Assigned task = The answer must be exactly the lines from the one containing "Taburete de madera" through the end of the material, with both ends kept and no other lines.

Available data =
◆ ◆ ◆ ◆ ◆ ◆ ◆

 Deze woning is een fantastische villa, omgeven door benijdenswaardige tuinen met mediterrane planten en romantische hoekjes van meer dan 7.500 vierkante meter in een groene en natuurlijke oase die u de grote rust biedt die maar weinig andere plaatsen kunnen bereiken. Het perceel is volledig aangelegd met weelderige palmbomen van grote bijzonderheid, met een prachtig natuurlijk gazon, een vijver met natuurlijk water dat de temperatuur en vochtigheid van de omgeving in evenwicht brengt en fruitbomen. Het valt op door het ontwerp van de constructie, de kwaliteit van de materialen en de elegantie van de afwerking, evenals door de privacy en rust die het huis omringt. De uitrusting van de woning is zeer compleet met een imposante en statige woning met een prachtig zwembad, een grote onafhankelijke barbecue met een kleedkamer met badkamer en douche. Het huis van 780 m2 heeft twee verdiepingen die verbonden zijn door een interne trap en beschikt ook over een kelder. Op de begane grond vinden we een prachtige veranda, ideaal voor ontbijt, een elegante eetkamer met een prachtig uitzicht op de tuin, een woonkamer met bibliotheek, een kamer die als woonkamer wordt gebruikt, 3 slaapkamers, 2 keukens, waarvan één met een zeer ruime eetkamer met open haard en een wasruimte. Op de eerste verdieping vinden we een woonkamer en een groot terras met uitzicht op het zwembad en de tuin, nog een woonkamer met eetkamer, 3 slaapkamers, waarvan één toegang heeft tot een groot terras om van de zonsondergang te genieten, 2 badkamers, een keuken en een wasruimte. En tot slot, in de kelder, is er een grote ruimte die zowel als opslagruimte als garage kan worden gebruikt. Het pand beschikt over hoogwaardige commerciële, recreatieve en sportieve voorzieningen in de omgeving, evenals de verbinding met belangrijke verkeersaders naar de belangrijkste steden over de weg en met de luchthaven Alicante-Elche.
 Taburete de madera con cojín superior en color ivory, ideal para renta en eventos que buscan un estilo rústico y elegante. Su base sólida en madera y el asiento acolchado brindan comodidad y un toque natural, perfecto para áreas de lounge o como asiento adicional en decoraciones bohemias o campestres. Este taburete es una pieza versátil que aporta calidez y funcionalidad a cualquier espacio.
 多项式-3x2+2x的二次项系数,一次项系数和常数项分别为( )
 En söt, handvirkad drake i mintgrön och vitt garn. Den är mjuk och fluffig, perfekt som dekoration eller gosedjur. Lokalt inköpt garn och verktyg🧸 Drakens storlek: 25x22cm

◆ ◆ ◆ ◆ ◆ ◆ ◆

Solved problem =
 Taburete de madera con cojín superior en color ivory, ideal para renta en eventos que buscan un estilo rústico y elegante. Su base sólida en madera y el asiento acolchado brindan comodidad y un toque natural, perfecto para áreas de lounge o como asiento adicional en decoraciones bohemias o campestres. Este taburete es una pieza versátil que aporta calidez y funcionalidad a cualquier espacio.
 多项式-3x2+2x的二次项系数,一次项系数和常数项分别为( )
 En söt, handvirkad drake i mintgrön och vitt garn. Den är mjuk och fluffig, perfekt som dekoration eller gosedjur. Lokalt inköpt garn och verktyg🧸 Drakens storlek: 25x22cm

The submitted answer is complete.